Work request: What must be handed in is the entire listing, exactly as written, with no pictures.

Collected material:
══════════

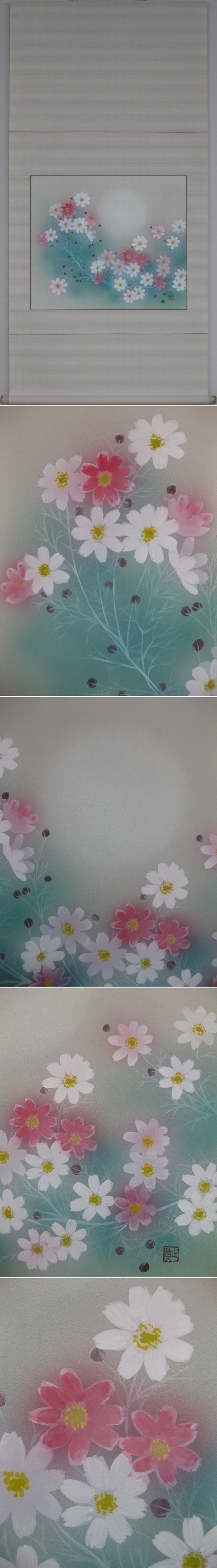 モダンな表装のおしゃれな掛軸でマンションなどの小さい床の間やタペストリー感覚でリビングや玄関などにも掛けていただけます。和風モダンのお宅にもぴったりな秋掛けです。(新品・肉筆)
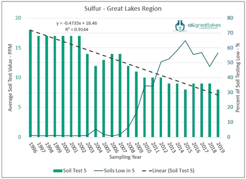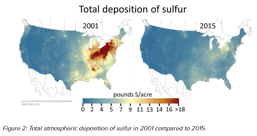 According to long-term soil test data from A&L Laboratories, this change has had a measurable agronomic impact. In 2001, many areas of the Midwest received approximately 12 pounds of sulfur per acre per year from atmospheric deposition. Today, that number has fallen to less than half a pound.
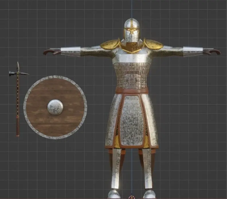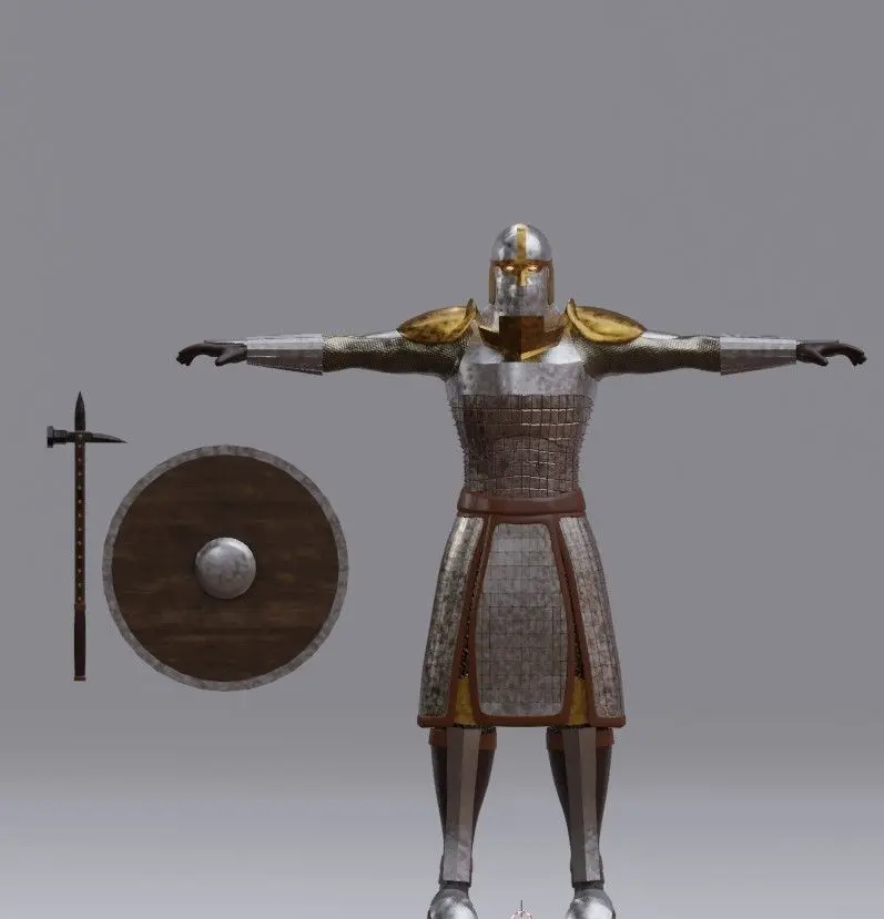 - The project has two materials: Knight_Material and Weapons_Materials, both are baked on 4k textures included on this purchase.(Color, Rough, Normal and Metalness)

══════════

Answer space:
 モダンな表装のおしゃれな掛軸でマンションなどの小さい床の間やタペストリー感覚でリビングや玄関などにも掛けていただけます。和風モダンのお宅にもぴったりな秋掛けです。(新品・肉筆)
 According to long-term soil test data from A&L Laboratories, this change has had a measurable agronomic impact. In 2001, many areas of the Midwest received approximately 12 pounds of sulfur per acre per year from atmospheric deposition. Today, that number has fallen to less than half a pound.
 - The project has two materials: Knight_Material and Weapons_Materials, both are baked on 4k textures included on this purchase.(Color, Rough, Normal and Metalness)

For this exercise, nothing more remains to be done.